DIRECTIONS: Below is a listing with pictures. Repeat exactly the lines starting at the one holding "indigo blue cotton" and going on through the one holding "Includes box, three", and leave every picture out.

INPUT:

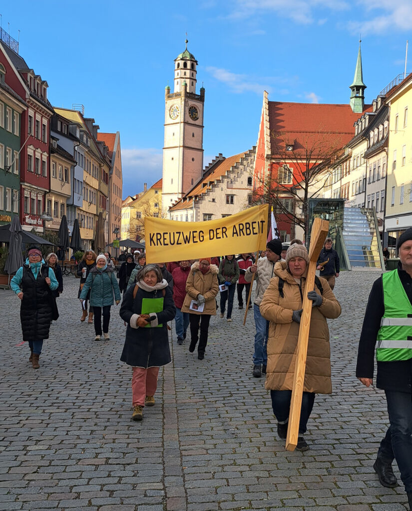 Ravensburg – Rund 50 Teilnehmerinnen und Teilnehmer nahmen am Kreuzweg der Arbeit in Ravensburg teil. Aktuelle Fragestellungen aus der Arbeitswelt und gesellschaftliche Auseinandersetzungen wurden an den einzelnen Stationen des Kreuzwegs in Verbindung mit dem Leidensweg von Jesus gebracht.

---

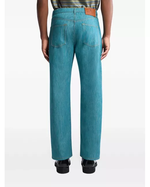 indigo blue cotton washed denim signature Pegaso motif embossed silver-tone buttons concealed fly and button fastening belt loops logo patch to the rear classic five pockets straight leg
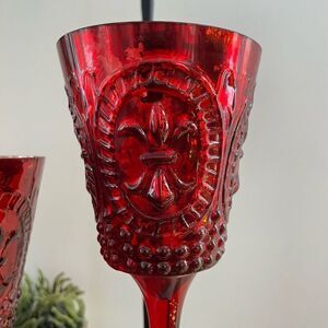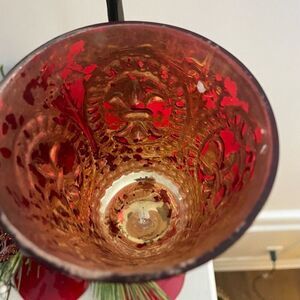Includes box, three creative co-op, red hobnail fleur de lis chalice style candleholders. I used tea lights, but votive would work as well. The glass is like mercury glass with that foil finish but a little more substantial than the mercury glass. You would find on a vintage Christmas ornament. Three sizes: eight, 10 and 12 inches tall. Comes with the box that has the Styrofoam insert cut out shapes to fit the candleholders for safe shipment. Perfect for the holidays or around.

--

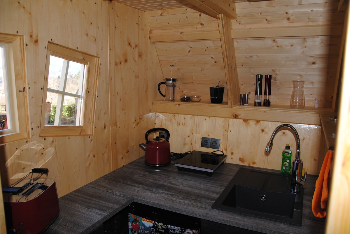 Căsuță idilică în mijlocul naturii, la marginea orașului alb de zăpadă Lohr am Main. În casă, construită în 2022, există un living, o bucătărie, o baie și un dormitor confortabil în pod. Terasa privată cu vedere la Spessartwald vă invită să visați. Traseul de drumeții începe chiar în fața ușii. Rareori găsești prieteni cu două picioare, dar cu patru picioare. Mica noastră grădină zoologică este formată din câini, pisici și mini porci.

RESULT OF THIS EXERCISE:
 indigo blue cotton washed denim signature Pegaso motif embossed silver-tone buttons concealed fly and button fastening belt loops logo patch to the rear classic five pockets straight leg
Includes box, three creative co-op, red hobnail fleur de lis chalice style candleholders. I used tea lights, but votive would work as well. The glass is like mercury glass with that foil finish but a little more substantial than the mercury glass. You would find on a vintage Christmas ornament. Three sizes: eight, 10 and 12 inches tall. Comes with the box that has the Styrofoam insert cut out shapes to fit the candleholders for safe shipment. Perfect for the holidays or around.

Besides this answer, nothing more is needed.